Items listed in a dataset
========================================================================
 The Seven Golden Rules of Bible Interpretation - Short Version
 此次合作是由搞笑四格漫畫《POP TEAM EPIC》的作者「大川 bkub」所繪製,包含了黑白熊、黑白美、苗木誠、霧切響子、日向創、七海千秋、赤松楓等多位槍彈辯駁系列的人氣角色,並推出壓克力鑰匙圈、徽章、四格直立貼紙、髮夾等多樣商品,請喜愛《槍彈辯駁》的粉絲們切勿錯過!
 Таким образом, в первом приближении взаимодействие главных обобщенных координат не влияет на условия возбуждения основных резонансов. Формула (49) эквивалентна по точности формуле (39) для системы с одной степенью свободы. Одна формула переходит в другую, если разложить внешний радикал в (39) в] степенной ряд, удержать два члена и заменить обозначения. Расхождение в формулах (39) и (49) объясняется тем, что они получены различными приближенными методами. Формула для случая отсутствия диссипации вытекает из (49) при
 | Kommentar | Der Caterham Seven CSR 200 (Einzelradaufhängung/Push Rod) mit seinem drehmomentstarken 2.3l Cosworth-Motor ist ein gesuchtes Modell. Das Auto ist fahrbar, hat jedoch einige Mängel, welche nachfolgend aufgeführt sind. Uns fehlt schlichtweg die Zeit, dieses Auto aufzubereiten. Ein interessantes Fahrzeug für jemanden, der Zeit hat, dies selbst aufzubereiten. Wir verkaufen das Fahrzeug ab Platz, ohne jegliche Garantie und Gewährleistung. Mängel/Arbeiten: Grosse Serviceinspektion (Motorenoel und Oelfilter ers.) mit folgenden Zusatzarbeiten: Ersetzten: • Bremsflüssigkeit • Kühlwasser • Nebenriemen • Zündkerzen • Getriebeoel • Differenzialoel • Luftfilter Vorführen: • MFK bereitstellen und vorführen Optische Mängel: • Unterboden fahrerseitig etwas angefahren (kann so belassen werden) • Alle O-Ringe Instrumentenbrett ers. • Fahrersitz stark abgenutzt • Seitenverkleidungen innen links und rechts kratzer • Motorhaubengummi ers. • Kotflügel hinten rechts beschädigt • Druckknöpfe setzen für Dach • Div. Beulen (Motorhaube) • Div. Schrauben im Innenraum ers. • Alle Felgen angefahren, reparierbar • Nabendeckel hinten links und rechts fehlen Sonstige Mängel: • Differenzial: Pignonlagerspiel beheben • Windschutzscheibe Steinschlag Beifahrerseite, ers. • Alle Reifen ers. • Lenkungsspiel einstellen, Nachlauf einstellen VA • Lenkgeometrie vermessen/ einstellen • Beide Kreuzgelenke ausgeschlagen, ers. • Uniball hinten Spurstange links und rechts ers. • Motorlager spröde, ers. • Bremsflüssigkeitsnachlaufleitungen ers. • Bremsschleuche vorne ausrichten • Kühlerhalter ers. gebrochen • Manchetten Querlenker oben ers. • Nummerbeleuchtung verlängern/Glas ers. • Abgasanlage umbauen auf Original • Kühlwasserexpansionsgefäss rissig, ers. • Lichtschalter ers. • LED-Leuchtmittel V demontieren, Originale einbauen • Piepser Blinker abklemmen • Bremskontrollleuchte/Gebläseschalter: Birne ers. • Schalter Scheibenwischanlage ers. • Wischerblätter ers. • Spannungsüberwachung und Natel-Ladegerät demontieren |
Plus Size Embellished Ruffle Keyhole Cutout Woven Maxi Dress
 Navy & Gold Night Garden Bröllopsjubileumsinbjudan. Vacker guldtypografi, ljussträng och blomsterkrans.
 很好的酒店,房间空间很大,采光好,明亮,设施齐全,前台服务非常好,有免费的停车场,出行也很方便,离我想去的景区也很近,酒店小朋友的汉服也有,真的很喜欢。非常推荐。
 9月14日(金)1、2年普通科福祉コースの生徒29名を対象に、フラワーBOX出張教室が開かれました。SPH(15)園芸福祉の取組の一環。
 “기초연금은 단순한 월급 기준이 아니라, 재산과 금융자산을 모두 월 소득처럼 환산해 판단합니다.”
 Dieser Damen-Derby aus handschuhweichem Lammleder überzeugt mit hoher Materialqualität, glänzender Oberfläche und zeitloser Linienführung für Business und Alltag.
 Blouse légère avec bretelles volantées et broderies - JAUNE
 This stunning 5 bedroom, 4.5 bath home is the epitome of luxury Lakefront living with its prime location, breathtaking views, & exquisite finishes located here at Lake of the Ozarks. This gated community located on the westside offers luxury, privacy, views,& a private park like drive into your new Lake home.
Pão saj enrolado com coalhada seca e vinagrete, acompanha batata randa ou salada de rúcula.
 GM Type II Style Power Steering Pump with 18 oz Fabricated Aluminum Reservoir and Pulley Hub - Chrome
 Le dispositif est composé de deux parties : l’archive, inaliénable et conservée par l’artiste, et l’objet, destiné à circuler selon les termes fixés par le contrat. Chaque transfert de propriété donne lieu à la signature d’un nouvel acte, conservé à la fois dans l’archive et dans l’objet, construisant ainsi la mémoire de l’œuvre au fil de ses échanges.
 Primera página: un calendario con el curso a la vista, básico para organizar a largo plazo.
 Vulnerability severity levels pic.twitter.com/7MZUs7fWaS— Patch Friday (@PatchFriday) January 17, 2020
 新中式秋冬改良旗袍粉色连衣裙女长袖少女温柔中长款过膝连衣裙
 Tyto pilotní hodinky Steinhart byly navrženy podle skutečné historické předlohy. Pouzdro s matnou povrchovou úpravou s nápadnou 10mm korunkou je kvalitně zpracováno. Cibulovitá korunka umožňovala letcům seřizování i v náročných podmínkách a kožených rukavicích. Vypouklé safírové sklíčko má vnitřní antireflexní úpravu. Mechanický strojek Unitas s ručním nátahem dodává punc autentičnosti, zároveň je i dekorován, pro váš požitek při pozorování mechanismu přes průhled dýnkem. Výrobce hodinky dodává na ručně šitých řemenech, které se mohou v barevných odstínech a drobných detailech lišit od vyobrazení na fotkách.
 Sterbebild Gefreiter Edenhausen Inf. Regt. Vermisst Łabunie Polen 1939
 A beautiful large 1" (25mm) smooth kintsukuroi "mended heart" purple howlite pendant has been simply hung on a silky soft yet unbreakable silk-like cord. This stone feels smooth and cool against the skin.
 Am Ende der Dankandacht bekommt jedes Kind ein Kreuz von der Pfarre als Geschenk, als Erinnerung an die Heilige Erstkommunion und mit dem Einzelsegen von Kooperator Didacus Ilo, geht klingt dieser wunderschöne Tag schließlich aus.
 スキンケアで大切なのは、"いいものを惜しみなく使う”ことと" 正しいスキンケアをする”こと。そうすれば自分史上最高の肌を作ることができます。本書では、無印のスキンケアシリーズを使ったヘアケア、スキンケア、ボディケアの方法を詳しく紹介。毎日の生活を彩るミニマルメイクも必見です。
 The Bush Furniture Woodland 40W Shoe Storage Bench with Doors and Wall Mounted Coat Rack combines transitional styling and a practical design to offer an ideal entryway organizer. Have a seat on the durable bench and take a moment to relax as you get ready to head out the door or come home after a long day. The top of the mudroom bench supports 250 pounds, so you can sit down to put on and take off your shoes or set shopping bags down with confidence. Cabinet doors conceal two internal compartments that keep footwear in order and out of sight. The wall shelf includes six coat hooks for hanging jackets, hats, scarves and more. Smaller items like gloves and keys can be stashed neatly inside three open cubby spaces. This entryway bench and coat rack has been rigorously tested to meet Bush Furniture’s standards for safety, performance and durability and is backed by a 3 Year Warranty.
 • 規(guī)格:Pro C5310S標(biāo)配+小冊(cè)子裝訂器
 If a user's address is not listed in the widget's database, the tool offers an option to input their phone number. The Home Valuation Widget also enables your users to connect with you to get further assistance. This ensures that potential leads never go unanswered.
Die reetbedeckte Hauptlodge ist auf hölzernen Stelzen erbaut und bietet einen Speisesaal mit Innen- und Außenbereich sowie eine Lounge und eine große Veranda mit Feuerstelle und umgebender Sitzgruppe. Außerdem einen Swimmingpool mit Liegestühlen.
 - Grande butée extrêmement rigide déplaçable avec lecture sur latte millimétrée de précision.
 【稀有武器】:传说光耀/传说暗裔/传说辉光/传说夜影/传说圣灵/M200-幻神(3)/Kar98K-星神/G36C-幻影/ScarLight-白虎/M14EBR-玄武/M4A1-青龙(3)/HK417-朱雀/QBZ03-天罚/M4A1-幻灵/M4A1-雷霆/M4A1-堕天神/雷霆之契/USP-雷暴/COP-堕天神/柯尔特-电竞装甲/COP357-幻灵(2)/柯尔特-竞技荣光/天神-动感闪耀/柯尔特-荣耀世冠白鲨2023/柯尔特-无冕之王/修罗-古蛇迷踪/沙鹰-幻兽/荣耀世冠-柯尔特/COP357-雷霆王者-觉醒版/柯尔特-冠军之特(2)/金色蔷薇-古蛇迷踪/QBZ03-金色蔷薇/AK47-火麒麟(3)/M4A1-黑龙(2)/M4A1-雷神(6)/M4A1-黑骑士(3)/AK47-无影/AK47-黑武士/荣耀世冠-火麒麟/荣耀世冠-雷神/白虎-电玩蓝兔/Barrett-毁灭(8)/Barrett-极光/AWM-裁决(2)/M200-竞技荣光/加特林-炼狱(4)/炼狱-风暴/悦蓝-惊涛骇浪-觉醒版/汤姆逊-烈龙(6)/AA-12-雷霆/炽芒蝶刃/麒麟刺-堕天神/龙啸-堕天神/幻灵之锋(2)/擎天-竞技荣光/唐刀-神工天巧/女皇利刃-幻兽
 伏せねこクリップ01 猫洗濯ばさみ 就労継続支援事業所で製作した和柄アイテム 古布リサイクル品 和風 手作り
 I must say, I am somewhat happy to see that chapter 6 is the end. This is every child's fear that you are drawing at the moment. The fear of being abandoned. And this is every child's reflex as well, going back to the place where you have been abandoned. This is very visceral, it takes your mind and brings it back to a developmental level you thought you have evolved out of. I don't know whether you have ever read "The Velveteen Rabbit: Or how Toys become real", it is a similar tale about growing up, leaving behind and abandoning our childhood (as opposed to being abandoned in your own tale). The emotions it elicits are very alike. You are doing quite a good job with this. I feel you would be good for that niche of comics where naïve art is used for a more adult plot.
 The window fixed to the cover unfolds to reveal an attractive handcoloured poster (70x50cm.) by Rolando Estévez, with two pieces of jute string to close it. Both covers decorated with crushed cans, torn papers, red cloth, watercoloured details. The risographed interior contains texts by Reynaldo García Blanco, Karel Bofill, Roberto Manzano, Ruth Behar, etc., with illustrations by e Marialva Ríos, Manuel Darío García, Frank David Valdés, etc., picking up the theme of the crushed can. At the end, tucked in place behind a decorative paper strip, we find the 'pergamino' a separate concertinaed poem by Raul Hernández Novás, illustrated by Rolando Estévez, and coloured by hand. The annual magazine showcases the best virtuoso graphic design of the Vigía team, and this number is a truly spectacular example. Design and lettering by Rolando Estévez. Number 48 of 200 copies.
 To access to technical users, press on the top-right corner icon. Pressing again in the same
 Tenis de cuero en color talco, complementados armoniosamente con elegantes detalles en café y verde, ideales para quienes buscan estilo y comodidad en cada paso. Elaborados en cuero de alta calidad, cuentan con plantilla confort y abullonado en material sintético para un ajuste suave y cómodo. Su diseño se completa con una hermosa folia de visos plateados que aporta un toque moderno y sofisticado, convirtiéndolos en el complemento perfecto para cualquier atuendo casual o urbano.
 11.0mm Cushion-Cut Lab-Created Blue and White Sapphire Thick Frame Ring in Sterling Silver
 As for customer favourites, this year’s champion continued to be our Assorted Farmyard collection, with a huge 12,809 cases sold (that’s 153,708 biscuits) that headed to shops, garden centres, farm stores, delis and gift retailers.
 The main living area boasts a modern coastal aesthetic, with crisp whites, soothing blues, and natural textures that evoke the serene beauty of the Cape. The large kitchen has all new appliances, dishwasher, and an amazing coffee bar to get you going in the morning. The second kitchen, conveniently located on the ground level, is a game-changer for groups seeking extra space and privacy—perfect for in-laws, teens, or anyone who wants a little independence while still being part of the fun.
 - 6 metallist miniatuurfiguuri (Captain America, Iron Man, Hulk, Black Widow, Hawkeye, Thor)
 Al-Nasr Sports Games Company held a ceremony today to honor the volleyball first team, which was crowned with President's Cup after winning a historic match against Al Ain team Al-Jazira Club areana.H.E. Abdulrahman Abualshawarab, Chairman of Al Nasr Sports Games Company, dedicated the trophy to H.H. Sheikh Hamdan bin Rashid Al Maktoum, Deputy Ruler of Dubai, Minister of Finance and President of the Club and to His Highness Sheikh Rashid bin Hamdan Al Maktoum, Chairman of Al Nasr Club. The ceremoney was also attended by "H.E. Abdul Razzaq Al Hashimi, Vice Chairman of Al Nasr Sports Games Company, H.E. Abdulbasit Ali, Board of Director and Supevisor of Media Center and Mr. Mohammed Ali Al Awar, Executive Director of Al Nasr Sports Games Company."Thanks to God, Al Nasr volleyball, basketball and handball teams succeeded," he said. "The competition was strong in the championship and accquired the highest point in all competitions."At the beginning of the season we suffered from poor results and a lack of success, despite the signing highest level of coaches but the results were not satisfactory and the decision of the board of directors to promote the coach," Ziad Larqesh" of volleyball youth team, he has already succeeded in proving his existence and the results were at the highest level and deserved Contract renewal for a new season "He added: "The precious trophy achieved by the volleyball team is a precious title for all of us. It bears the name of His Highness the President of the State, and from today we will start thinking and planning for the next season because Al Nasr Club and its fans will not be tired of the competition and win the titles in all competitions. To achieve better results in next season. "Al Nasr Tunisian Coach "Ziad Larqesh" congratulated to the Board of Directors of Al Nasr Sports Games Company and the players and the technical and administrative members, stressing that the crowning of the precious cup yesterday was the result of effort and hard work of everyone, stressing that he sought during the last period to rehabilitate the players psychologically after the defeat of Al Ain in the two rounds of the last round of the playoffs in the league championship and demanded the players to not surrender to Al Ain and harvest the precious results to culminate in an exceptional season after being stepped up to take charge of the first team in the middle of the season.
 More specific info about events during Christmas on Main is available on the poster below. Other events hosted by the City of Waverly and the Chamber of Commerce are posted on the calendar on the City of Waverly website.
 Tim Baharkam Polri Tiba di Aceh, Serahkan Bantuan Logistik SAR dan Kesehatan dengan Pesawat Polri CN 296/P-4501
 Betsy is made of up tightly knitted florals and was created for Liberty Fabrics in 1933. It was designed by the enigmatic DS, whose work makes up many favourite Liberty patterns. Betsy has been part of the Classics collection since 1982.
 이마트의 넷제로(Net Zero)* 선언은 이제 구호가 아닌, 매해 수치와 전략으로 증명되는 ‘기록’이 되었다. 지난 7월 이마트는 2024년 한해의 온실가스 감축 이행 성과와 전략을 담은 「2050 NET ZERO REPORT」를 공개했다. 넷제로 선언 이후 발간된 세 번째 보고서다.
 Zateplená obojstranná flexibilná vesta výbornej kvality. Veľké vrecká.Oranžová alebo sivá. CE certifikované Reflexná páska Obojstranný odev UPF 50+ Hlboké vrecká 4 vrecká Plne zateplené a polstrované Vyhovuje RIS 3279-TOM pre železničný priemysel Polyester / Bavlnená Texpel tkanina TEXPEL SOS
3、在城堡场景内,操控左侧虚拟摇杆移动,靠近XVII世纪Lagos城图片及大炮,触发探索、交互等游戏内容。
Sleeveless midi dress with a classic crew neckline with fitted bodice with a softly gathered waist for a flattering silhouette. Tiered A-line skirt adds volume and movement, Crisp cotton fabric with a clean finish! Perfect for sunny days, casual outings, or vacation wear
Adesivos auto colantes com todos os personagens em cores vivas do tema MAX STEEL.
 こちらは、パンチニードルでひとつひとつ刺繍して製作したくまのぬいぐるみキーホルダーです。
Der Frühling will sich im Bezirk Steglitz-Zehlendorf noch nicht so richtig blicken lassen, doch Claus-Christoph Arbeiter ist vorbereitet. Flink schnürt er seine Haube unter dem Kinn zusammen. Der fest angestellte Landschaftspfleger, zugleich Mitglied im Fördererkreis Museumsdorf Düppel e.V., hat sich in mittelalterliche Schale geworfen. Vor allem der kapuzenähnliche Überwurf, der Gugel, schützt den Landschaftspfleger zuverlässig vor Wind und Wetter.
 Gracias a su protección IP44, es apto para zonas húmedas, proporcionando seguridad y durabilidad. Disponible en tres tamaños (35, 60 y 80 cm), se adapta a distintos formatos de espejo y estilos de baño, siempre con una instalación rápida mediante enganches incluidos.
========================================================================
WHAT THIS TASK INVOLVES
After locating the line with "很好的酒店,房间空间很大,采" above, return that line and every later line through the one with "This stunning 5", word for word and with nothing else.

ANSWER SPACE
 很好的酒店,房间空间很大,采光好,明亮,设施齐全,前台服务非常好,有免费的停车场,出行也很方便,离我想去的景区也很近,酒店小朋友的汉服也有,真的很喜欢。非常推荐。
 9月14日(金)1、2年普通科福祉コースの生徒29名を対象に、フラワーBOX出張教室が開かれました。SPH(15)園芸福祉の取組の一環。
 “기초연금은 단순한 월급 기준이 아니라, 재산과 금융자산을 모두 월 소득처럼 환산해 판단합니다.”
 Dieser Damen-Derby aus handschuhweichem Lammleder überzeugt mit hoher Materialqualität, glänzender Oberfläche und zeitloser Linienführung für Business und Alltag.
 Blouse légère avec bretelles volantées et broderies - JAUNE
 This stunning 5 bedroom, 4.5 bath home is the epitome of luxury Lakefront living with its prime location, breathtaking views, & exquisite finishes located here at Lake of the Ozarks. This gated community located on the westside offers luxury, privacy, views,& a private park like drive into your new Lake home.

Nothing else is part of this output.